The Wooster Group has this to say about the performance:
In The Wooster Group’s HAMLET, Shakespeare’s classic tragedy is re-imagined by mixing and repurposing Richard Burton’s 1964 Broadway production, directed by John Gielgud. The Burton production was recorded in live performance from 17 camera angles and edited into a film that was shown as a special event for only two days in nearly 1,000 movie houses across the U.S. The idea of bringing a live theater experience to thousands of simultaneous viewers in different cities was trumpeted as a new form called “Theatrofilm,” made possible through “the miracle of Electronovision.” The Wooster Group attempts to reverse the process, reconstructing a hypothetical theater piece from the fragmentary evidence of the edited film. We channel the ghost of the legendary 1964 performance, descending into a kind of madness, intentionally replacing our own spirit with the spirit of another.
Notice their inclusion of media into their performance while the original script is kept totally the same. What do you think they’re trying to say with this piece? What does the media add? How else have they adapted this piece? (The set pieces seem sterile to me, and the costumes a little more modern. They are more stylized in the very least.) What are they trying to say/do? How do they change our meaning, or understanding of the piece? Do they add to it? What can the addition of media do for a production?
Last, show the clip of Waiting for Godot. How is this production significant? How was the meaning of the original show changed? Did they add to the original meaning/understanding, or take away from it? How does the setting and time period change the play? For me this production is much, much stronger than the original version on its own. Modern (or other) adaptations can allow themes of the original show to shine through more clearly that we might have noticed initially. They can also make the play more powerful and relatable, like this production does for me.

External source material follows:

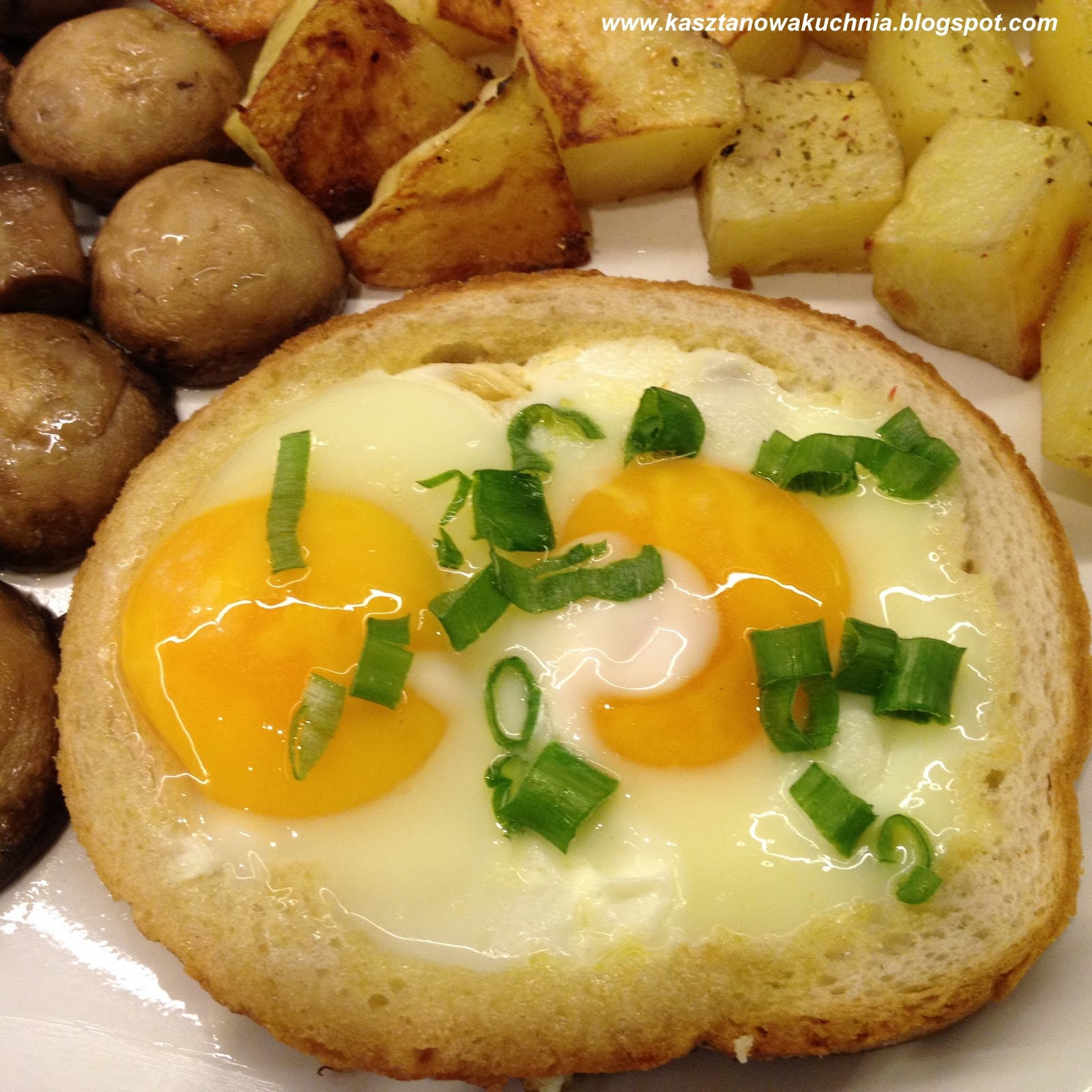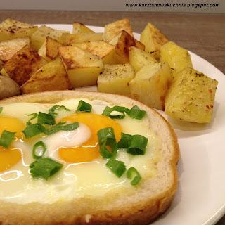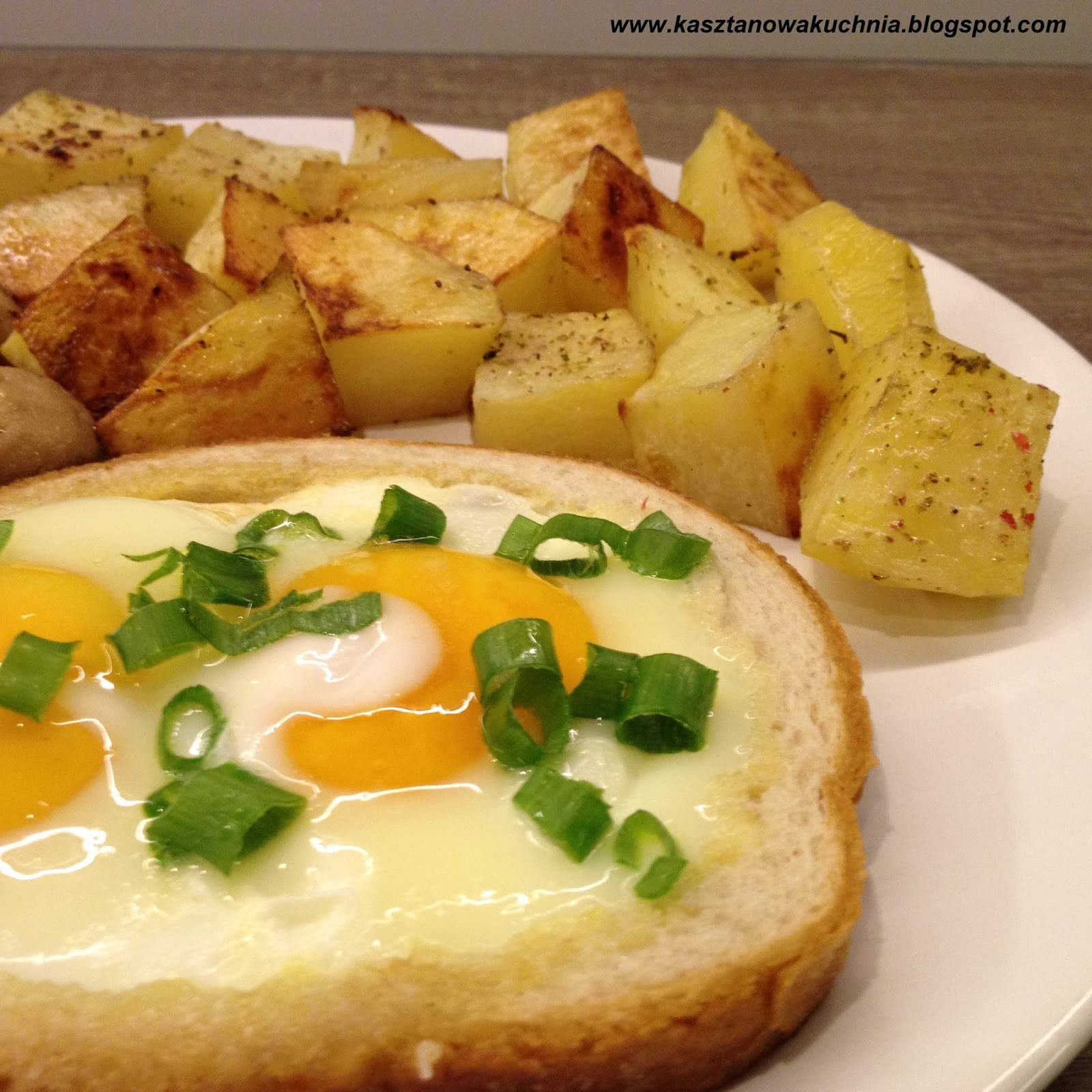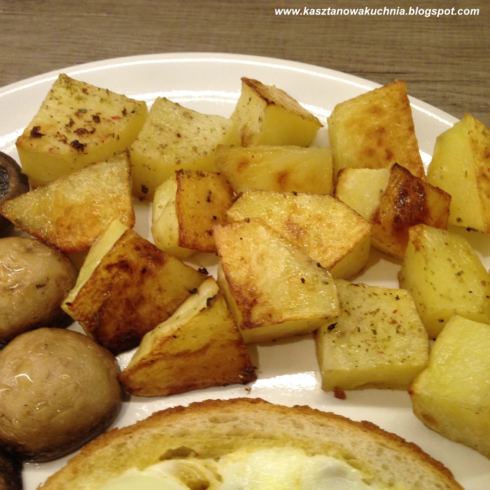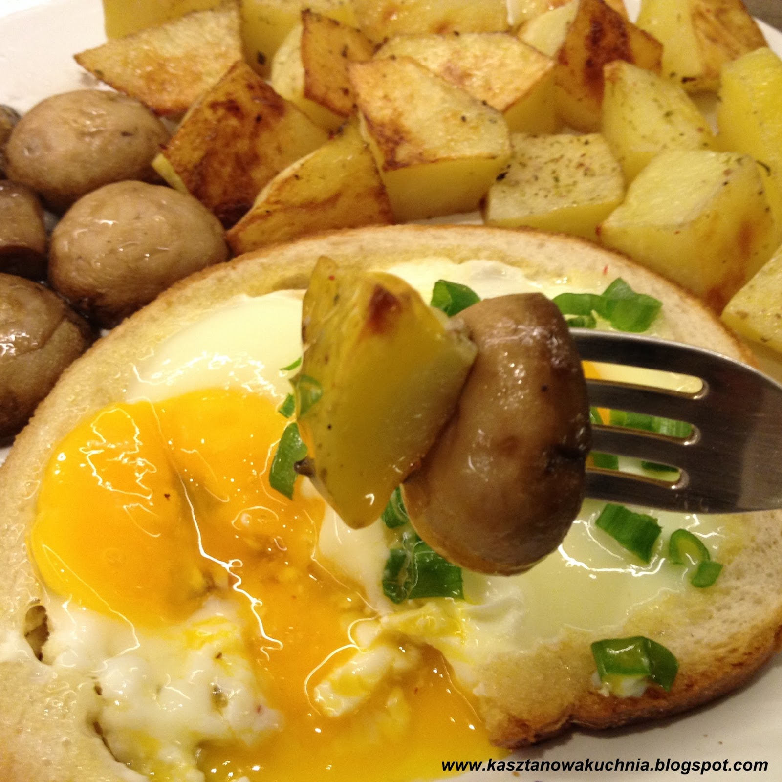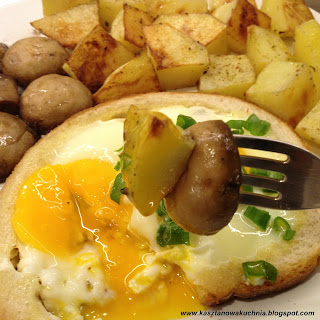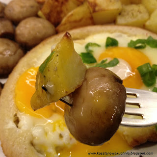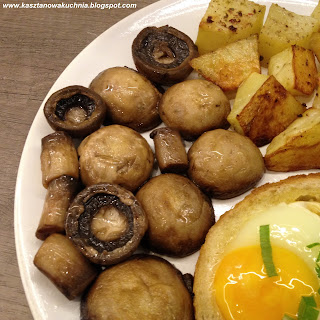 Jajka sadzone podajemy z wybranymi dodatkami. W tym przypadku prezentuję jajka sadzone podane z ziemniakami pieczonymi w ziołach oraz smażonymi pieczarkami.

Activity 1 (15-20 minutes):
Split the class up into 6 groups. Distribute the informational handouts to each group- every group should have a different performance company.
Give the groups about 10-15 minutes to read through their handout and discuss them as a group. They will present their information to the class and should do 2 things: 1) Tell us why these are considered contemporary performance practices. Meaning, what about this group or individual’s approach to writing/production is untraditional? 2) 3 ways we could implement their practices into our work. This could include personally, as a class, and/or as a school.
If students have smart phones or other devices to connect them to the internet they may use them to look up additional information if they wish.
Make sure to be going around to each group and monitor their progress. Answer any questions students may have- this type of thinking is likely out of their comfort zone. If students begin to get off task then it is time to move on.
Activity 2 (15-20 minutes):
Have each group tell us about their performance group or individual. Make sure they detail both requirements in their mini-presentations.
Wrap-Up (5 minutes):
Next class period we’re going to delve deeper into practicing how we can specifically apply these practices as we look back at some of the other classic scenes we saw performed (not the ones that we did modern adaptations for). Ask the class if they had a favorite performance group that was presented. Why?
Have students take the last 10 minutes of class to write a response to their experiences of the day. Responses could answer questions like: what did you learn? What did you like? Did you have a favorite group you heard about, or a least favorite? How comfortable do you feel with this process?
The assessment is to just get them thinking and reflecting on the process and their experience.